## HOW TO COMPLETE THIS TASK
What you write should be an exact repeat of the lines from the one with "无痕保暖内衣男青年薄款V领加绒防寒套装自发热可外穿冬季秋衣裤" through the final line below, minus the pictures.

## INFORMATION SUPPLIED

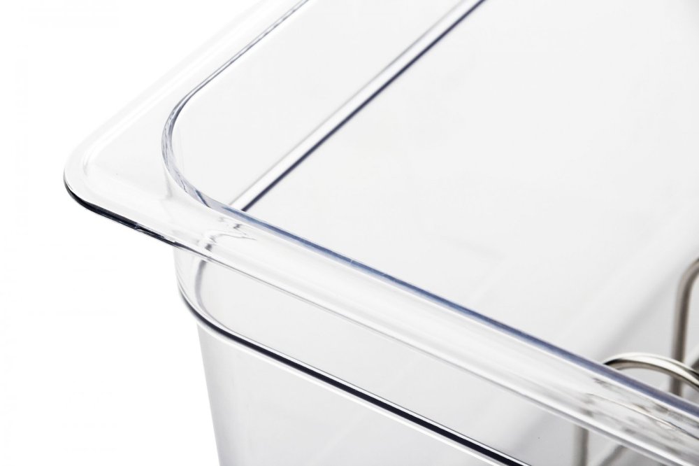 Naczynie do gotowania sous-vide G21 jest wykonane z poliwęglanu o wysokiej wytrzymałości, bardziej niż metalowe garnki, skuteczniej utrzymuje temperaturę i zajmuje mniej czasu na podgrzanie kąpieli wodnej. Poliwęglan spełnia najsurowsze wymogi bezpieczeństwa i nie jest szkodliwy dla zdrowia. Dzięki wysokiej stabilności zastosowanego materiału można go myć w zmywarce, co pozwala zaoszczędzić sporo czasu i wysiłku. Pojemnik jest również wyposażony w zdejmowaną pokrywę z wycięciem na szybkowar sous-vide. Jednak pokrywka może być również używana z wolnowarem innej marki, ponieważ większość wolnowarów na rynku, zmieści się w otworze.
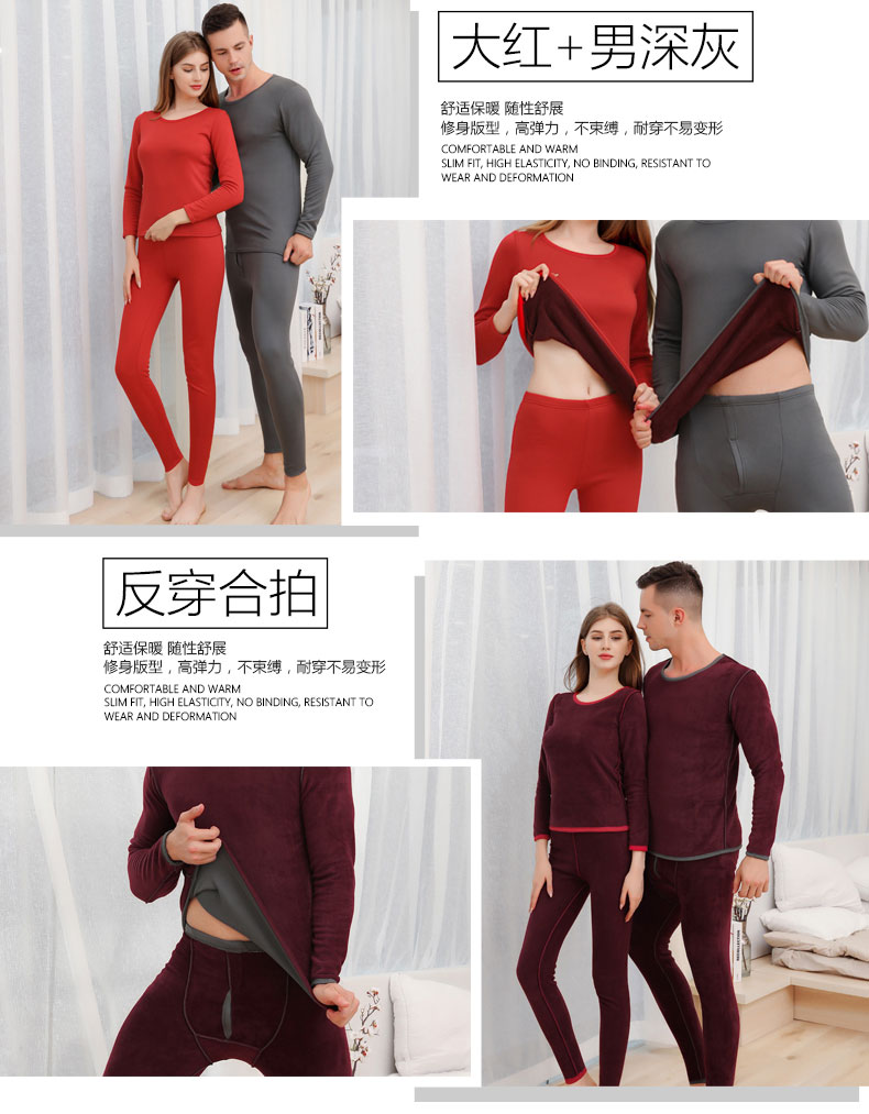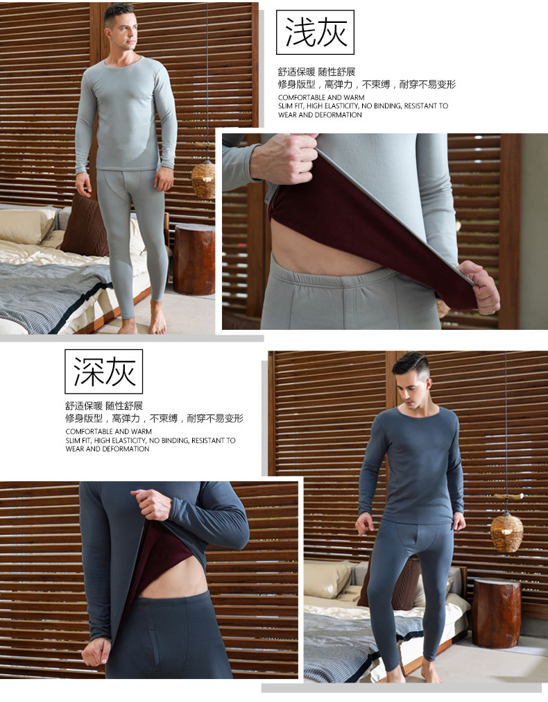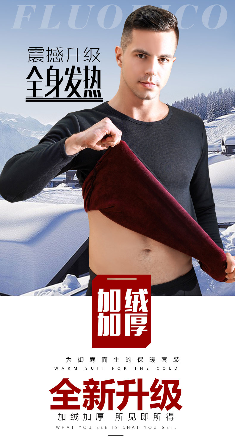 无痕保暖内衣男青年薄款V领加绒防寒套装自发热可外穿冬季秋衣裤
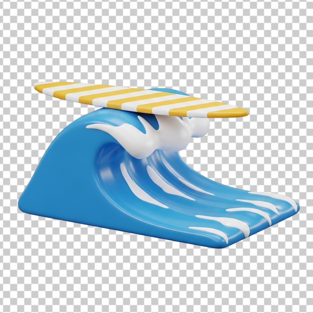Blue Ocean Wave with Surfboard Illustration PNG Transparent Background

## ANSWER FOR THIS EXERCISE
 无痕保暖内衣男青年薄款V领加绒防寒套装自发热可外穿冬季秋衣裤
Blue Ocean Wave with Surfboard Illustration PNG Transparent Background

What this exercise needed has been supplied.